WHAT IS BEING ASKED: Print the full set of records below, character for character and picture-free.
○ ○ ○
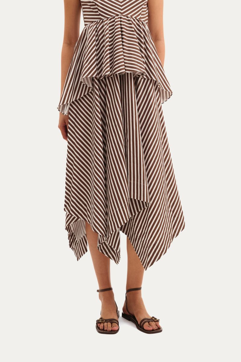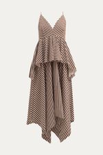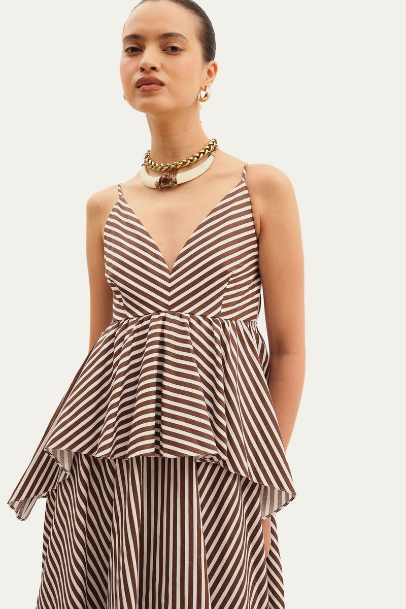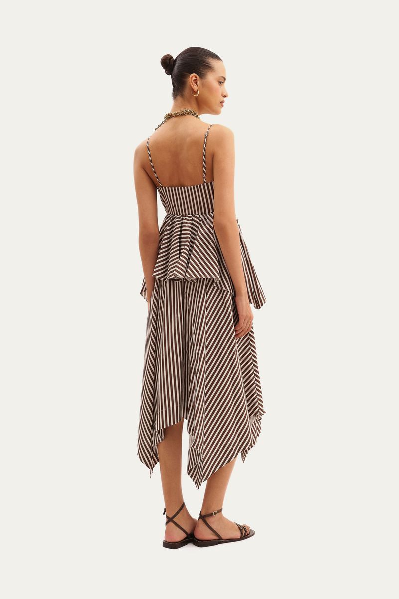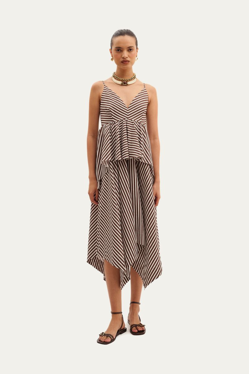 Vestido midi em tricoline de algodão. Modelagem evasê, comprimento midi, barrado com detalhes em pontas irregulares e decote em V. Alças finas com regulador. Fechamento lateral por ziper e colchete. Lavar à mão. Composição: 100% Algodão.
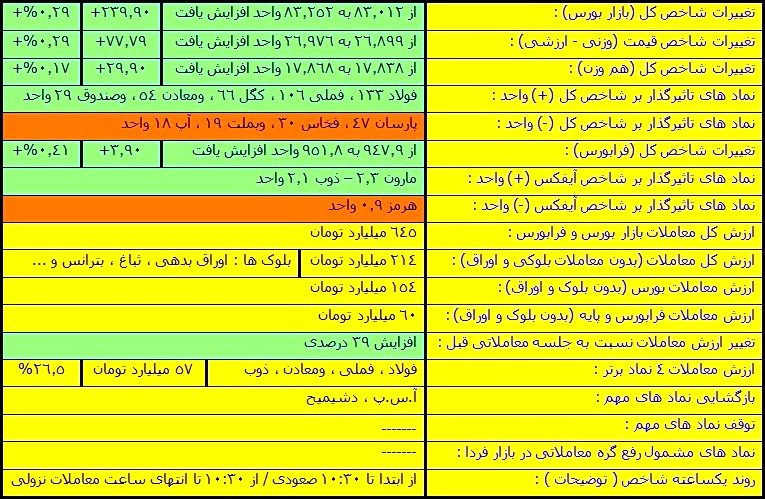 2) جدول بررسی آخرین وضعیت شاخص ها و منحنی معاملات بازار :
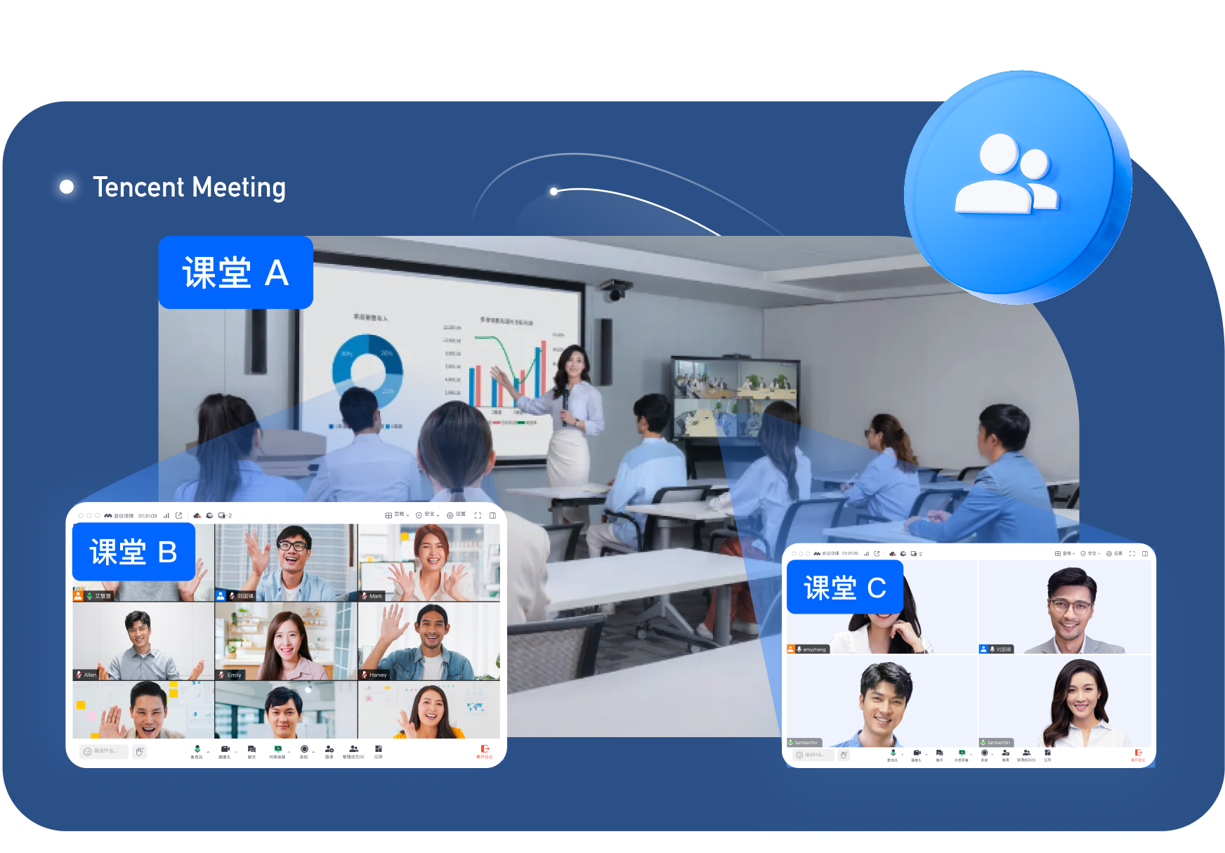 多个线下课堂同时加入会议,可以一起互动协作,打破空间限制,响应国家政策。
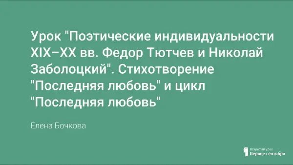 Данный урок позволяет учащимся обратиться к теме любви в творчестве поэта, когда они уже имеют представление об особенностях его художественного мира, что обеспечит более глубокое восприятие и его любовной лирики. Кроме того, обращение в связи с этим к поэзии Ф.И. Тютчева дает возможность не только вспомнить изученную в 10-м классе тему, но и глубже постигнуть поэтические индивидуальности Заболоцкого и Тютчева в их соприкосновении.
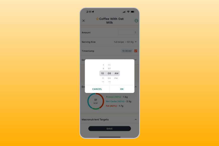 Upgrading to Gold will grant you access to our Timestamps feature, letting you set the time for any piece of data you log on Cronometer,
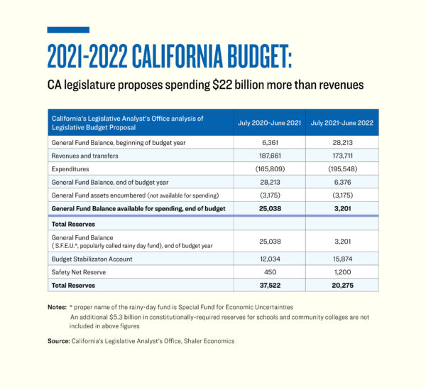Instead, the stock market rose 16 percent in 2020, state income tax receipts were high, and the state was able to add $22 billion to its General Fund reserve account—the same amount the legislature wants to withdraw during the 2021–2022 budget year.
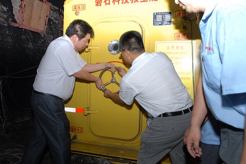 上圖:艙外國家安全生產(chǎn)重慶礦用設(shè)備檢測中心工作人員全程監(jiān)督實驗過程
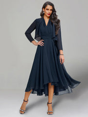Vestido elegante de dos piezas para invitada de boda, corte A, para cóctel, fiesta, largo hasta la rodilla, manga 3/4, escote en V, gasa convertible con chal
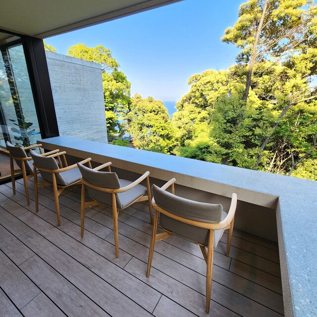 アクセスは、熱海市内の網代駅より車で7~8分程の所に有ります。『無為自然-ATAMI-』という新築のリゾートホテルの 1F です。ホテルは、何れも広々した造りで、部屋に天然温泉付きです。
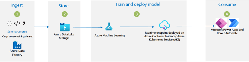 This example workload is designed to help a buyer or a purchasing agent in the automotive industry estimate a car’s market price. A user can use a Power App to submit vehicle details to a model that’s trained on market data and receive a price prediction in return.
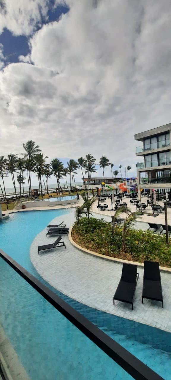 Resort pé na areia na Praia de Muro Alto, com mais de 15 piscinas e parque aquático infantil. Flat completo para até 4 pessoas, com quarto queen, sofá-cama, cozinha equipada, varanda, ar-condicionado e Wi-Fi gratuito. Ideal para famílias: * Estrutura com academia * Cinema * Boliche * Playground * Restaurantes (à parte) 1 vaga de estacionamento inclusa. Não inclui refeições. Pet friendly (consulte regras). Localização privilegiada e perfeita para relaxar.
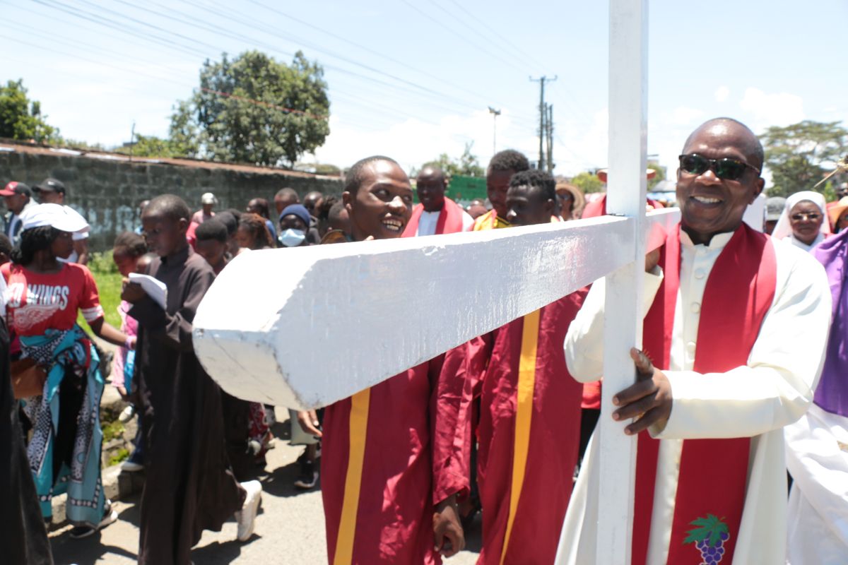 Nakuru Diocese Vicar General, Fr George Munyaka, carries the cross during the commemoration of The Way of the Cross on Good Friday, April 3
○ ○ ○
RESULT FOR THIS TASK:
 Vestido midi em tricoline de algodão. Modelagem evasê, comprimento midi, barrado com detalhes em pontas irregulares e decote em V. Alças finas com regulador. Fechamento lateral por ziper e colchete. Lavar à mão. Composição: 100% Algodão.
 2) جدول بررسی آخرین وضعیت شاخص ها و منحنی معاملات بازار :
 多个线下课堂同时加入会议,可以一起互动协作,打破空间限制,响应国家政策。
 Данный урок позволяет учащимся обратиться к теме любви в творчестве поэта, когда они уже имеют представление об особенностях его художественного мира, что обеспечит более глубокое восприятие и его любовной лирики. Кроме того, обращение в связи с этим к поэзии Ф.И. Тютчева дает возможность не только вспомнить изученную в 10-м классе тему, но и глубже постигнуть поэтические индивидуальности Заболоцкого и Тютчева в их соприкосновении.
 Upgrading to Gold will grant you access to our Timestamps feature, letting you set the time for any piece of data you log on Cronometer,
Instead, the stock market rose 16 percent in 2020, state income tax receipts were high, and the state was able to add $22 billion to its General Fund reserve account—the same amount the legislature wants to withdraw during the 2021–2022 budget year.
 上圖:艙外國家安全生產(chǎn)重慶礦用設(shè)備檢測中心工作人員全程監(jiān)督實驗過程
Vestido elegante de dos piezas para invitada de boda, corte A, para cóctel, fiesta, largo hasta la rodilla, manga 3/4, escote en V, gasa convertible con chal
 アクセスは、熱海市内の網代駅より車で7~8分程の所に有ります。『無為自然-ATAMI-』という新築のリゾートホテルの 1F です。ホテルは、何れも広々した造りで、部屋に天然温泉付きです。
 This example workload is designed to help a buyer or a purchasing agent in the automotive industry estimate a car’s market price. A user can use a Power App to submit vehicle details to a model that’s trained on market data and receive a price prediction in return.
 Resort pé na areia na Praia de Muro Alto, com mais de 15 piscinas e parque aquático infantil. Flat completo para até 4 pessoas, com quarto queen, sofá-cama, cozinha equipada, varanda, ar-condicionado e Wi-Fi gratuito. Ideal para famílias: * Estrutura com academia * Cinema * Boliche * Playground * Restaurantes (à parte) 1 vaga de estacionamento inclusa. Não inclui refeições. Pet friendly (consulte regras). Localização privilegiada e perfeita para relaxar.
 Nakuru Diocese Vicar General, Fr George Munyaka, carries the cross during the commemoration of The Way of the Cross on Good Friday, April 3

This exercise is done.